[Source records]
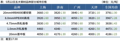 ◎5月22日,唐山迁安、秦皇岛卢龙等地普方坯出厂含税下调40,执行3360元/吨。
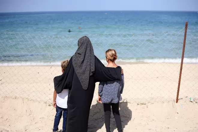 Darine and her children look out over the sea at their beachside camp. Image: Majdi Fathi, October 2
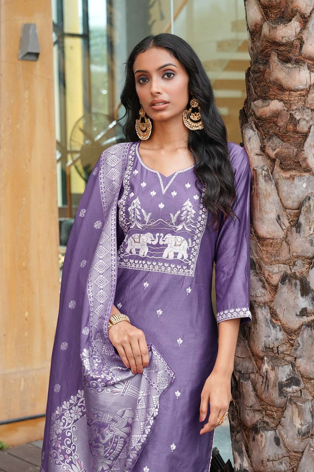 Product Name - sakhi gulkayra real simar silk with heavy embroidery work on Top with palazzo and dupatta
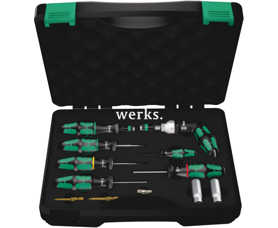 Подходит для производителей всех основных систем: Alligator, Beru, CUB, Herth & Buss, Schrader, VDO/Conti. В комплект входят: 1 динамометрическая отвертка с регулировкой, пистолетной формы, диапазоном 4,0-8,8 Нм; 1 динамометрическая отвертка с установкой на 3,3 Нм; 1 динамометрическая отвертка с установкой на 1,4 Нм TX 10; 1 динамометрическая отвертка с установкой на 1,25 Нм TX 10; 1 наконечник для вентиля; 1 бит 867/4 HF TX 15 x 50 мм с удерживающей функцией для винтов TORX; 1 бит 867/4 HF TX 20 x 50 мм с удерживающей функцией для винтов TORX; 1 отверточная насадка 790 A/50 SW 11,0 x 50 мм; 1 отверточная насадка 790 A/50 SW 12,0 x 50 мм; 1 переходник 870/1; 1/4' шестигранник на 1/4' квадрат; 1 инструмент для ввинчивания вентиля с моментом 0,25 Нм; 1 инструмент для ввинчивания вентиля с моментом 0,45 Нм. 074746
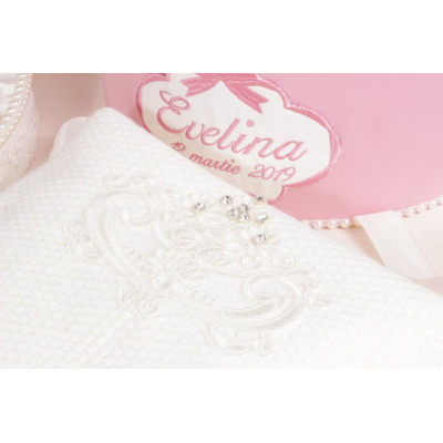 - Prosop bebe cu dantela personalizat cu numele prin broderie;
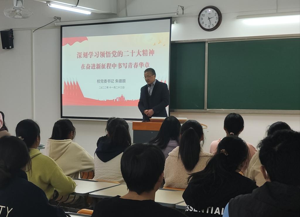 2022年11月23日下午在英国威廉集团官网第二教学楼322教室,公司党委书记朱德顺为大一新生上了一堂精彩、激昂的“形势与政策”课,以“在奋进新征程中书写青春华章”为题,宣讲党的二十大精神。英国威廉集团官网经理助理陈志操主持,2022级经济学普本新生代表参加。
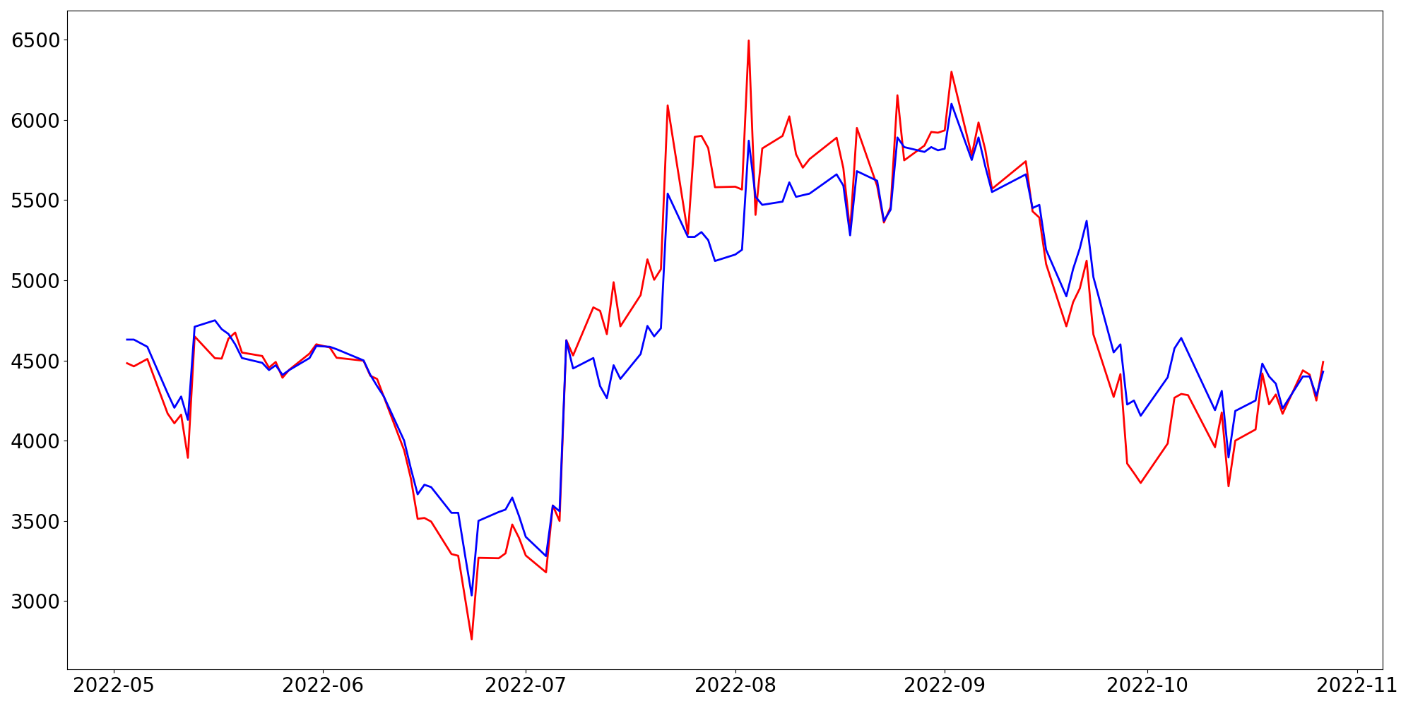 [ - : 실제값(종가) / - : 예측값(종가) ]
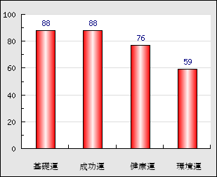 成功運 目的に対する成功運の強さをあらわします。この点数が高いほど自分の思い通りに成功し、逆に悪いと逆境・批判・障害などに苦心します。 88点
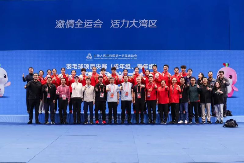 11月13日,第十五届全国运动会羽毛球青年组女子团体决赛在广东深圳落下帷幕,由南体健儿张乐瑶、刘一诺、周慧嘉、徐文婧、秦添悦、史思宸、刘思雅、潘欣妍、刘昱骁、辛佳蒋组成的江苏队以3:1战胜广东队获得青年组女子团体冠军!这是南京体育学院在本届全运会上夺得的第4枚金牌。

→ **What is expected**:
Copy out the records above in full, exactly as written, but not the pictures.

→ **Result for this task**:
 ◎5月22日,唐山迁安、秦皇岛卢龙等地普方坯出厂含税下调40,执行3360元/吨。
 Darine and her children look out over the sea at their beachside camp. Image: Majdi Fathi, October 2
 Product Name - sakhi gulkayra real simar silk with heavy embroidery work on Top with palazzo and dupatta
 Подходит для производителей всех основных систем: Alligator, Beru, CUB, Herth & Buss, Schrader, VDO/Conti. В комплект входят: 1 динамометрическая отвертка с регулировкой, пистолетной формы, диапазоном 4,0-8,8 Нм; 1 динамометрическая отвертка с установкой на 3,3 Нм; 1 динамометрическая отвертка с установкой на 1,4 Нм TX 10; 1 динамометрическая отвертка с установкой на 1,25 Нм TX 10; 1 наконечник для вентиля; 1 бит 867/4 HF TX 15 x 50 мм с удерживающей функцией для винтов TORX; 1 бит 867/4 HF TX 20 x 50 мм с удерживающей функцией для винтов TORX; 1 отверточная насадка 790 A/50 SW 11,0 x 50 мм; 1 отверточная насадка 790 A/50 SW 12,0 x 50 мм; 1 переходник 870/1; 1/4' шестигранник на 1/4' квадрат; 1 инструмент для ввинчивания вентиля с моментом 0,25 Нм; 1 инструмент для ввинчивания вентиля с моментом 0,45 Нм. 074746
 - Prosop bebe cu dantela personalizat cu numele prin broderie;
 2022年11月23日下午在英国威廉集团官网第二教学楼322教室,公司党委书记朱德顺为大一新生上了一堂精彩、激昂的“形势与政策”课,以“在奋进新征程中书写青春华章”为题,宣讲党的二十大精神。英国威廉集团官网经理助理陈志操主持,2022级经济学普本新生代表参加。
 [ - : 실제값(종가) / - : 예측값(종가) ]
 成功運 目的に対する成功運の強さをあらわします。この点数が高いほど自分の思い通りに成功し、逆に悪いと逆境・批判・障害などに苦心します。 88点
 11月13日,第十五届全国运动会羽毛球青年组女子团体决赛在广东深圳落下帷幕,由南体健儿张乐瑶、刘一诺、周慧嘉、徐文婧、秦添悦、史思宸、刘思雅、潘欣妍、刘昱骁、辛佳蒋组成的江苏队以3:1战胜广东队获得青年组女子团体冠军!这是南京体育学院在本届全运会上夺得的第4枚金牌。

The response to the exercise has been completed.